SUPPLIED INFORMATION:
══════

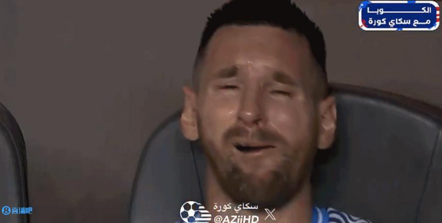 梅西第65分钟被换下,解开球鞋并扔在地上,随后坐在替补席捂脸痛哭,一直哭到69分钟仍在哭泣。
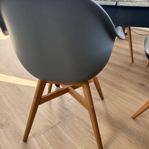 Selger en fin plaststol med eik treben. Brukt denne som kontorstol hjemme.
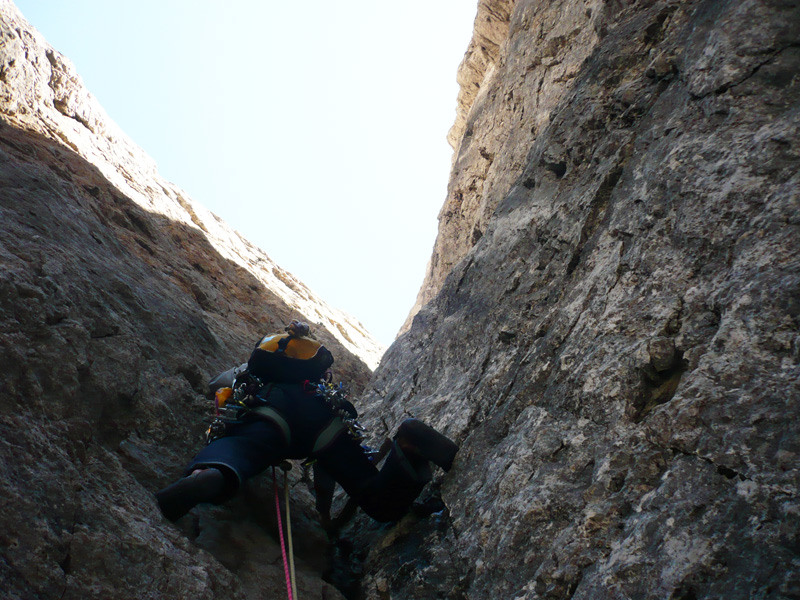 Javi luchando contra el frío en el primer gran diedro de la Fehrmann. En la reunión de este largo empezaron a alcanzarnos los rayos del sol.
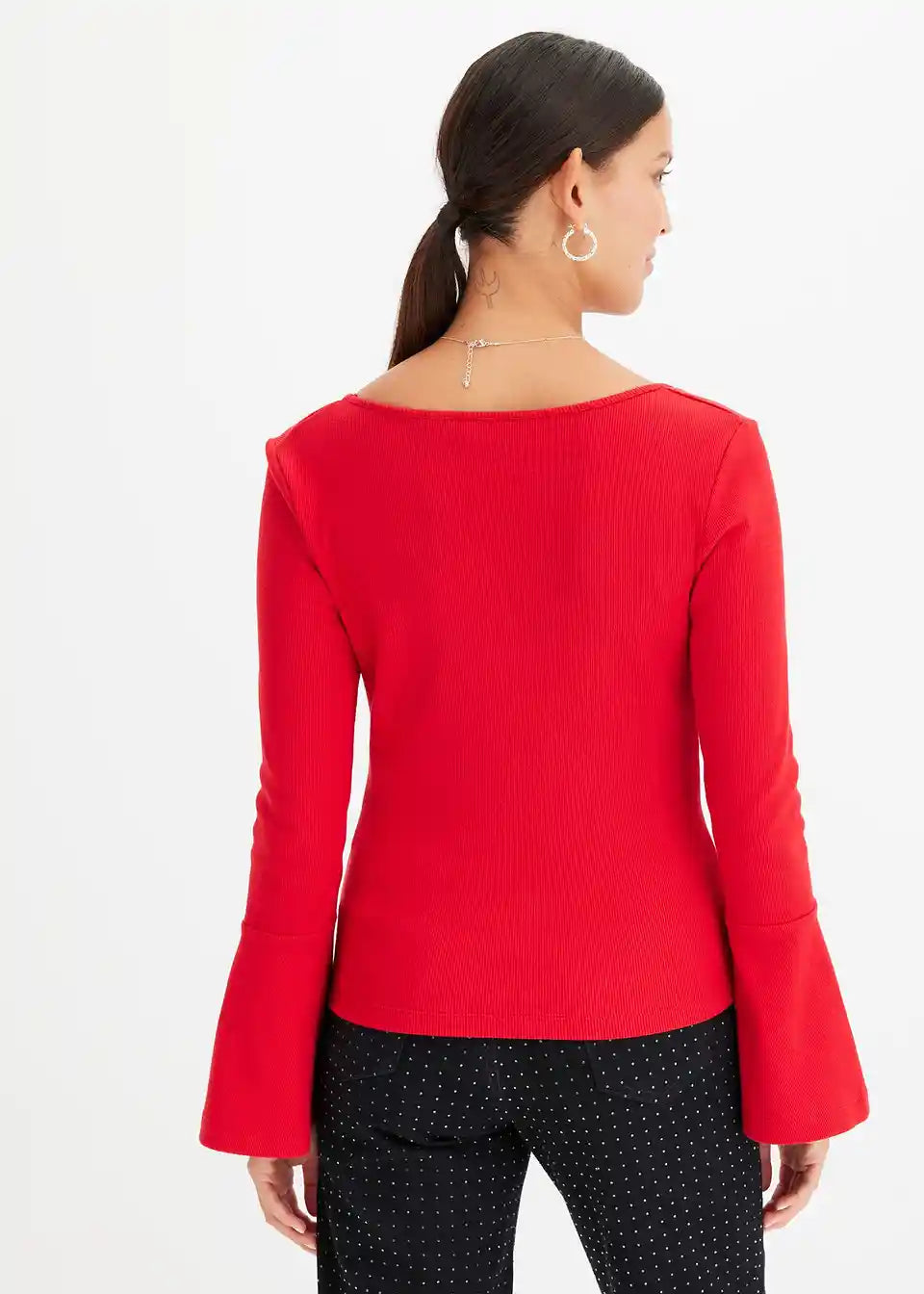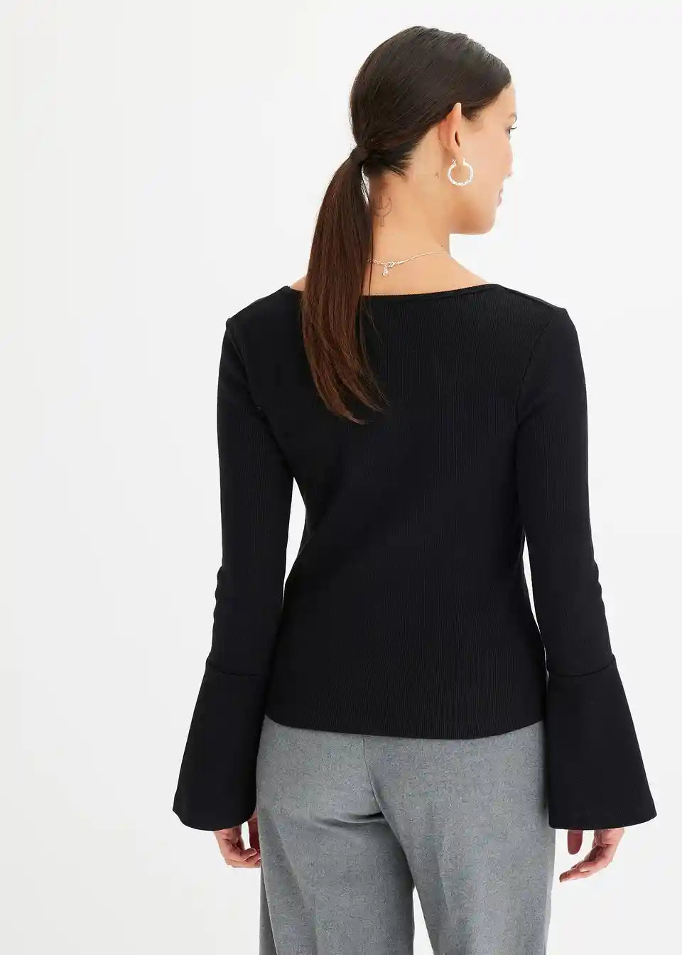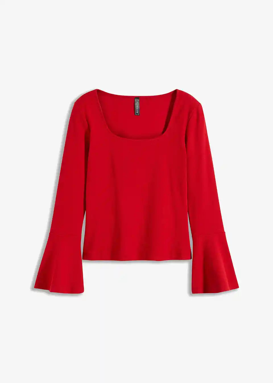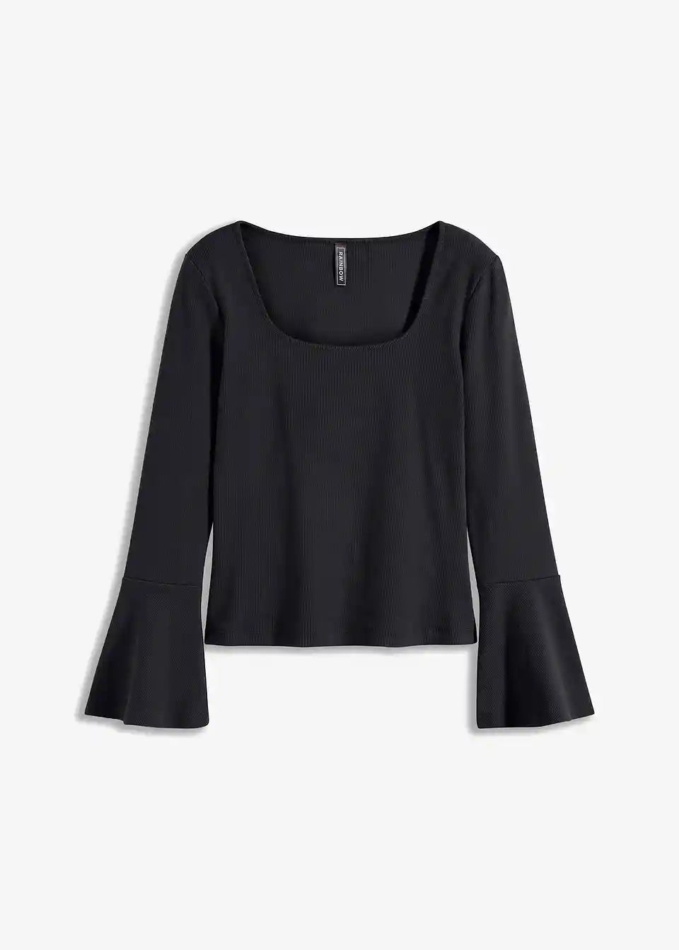 Rippshirt mit Caree Ausschnitt und Trompetenärmeln

══════

WORK REQUIRED: Give again, word for word, only the lines from the line containing "Javi luchando contra" through the last line above, both included; leave the pictures out.

EXERCISE RESULT:
 Javi luchando contra el frío en el primer gran diedro de la Fehrmann. En la reunión de este largo empezaron a alcanzarnos los rayos del sol.
 Rippshirt mit Caree Ausschnitt und Trompetenärmeln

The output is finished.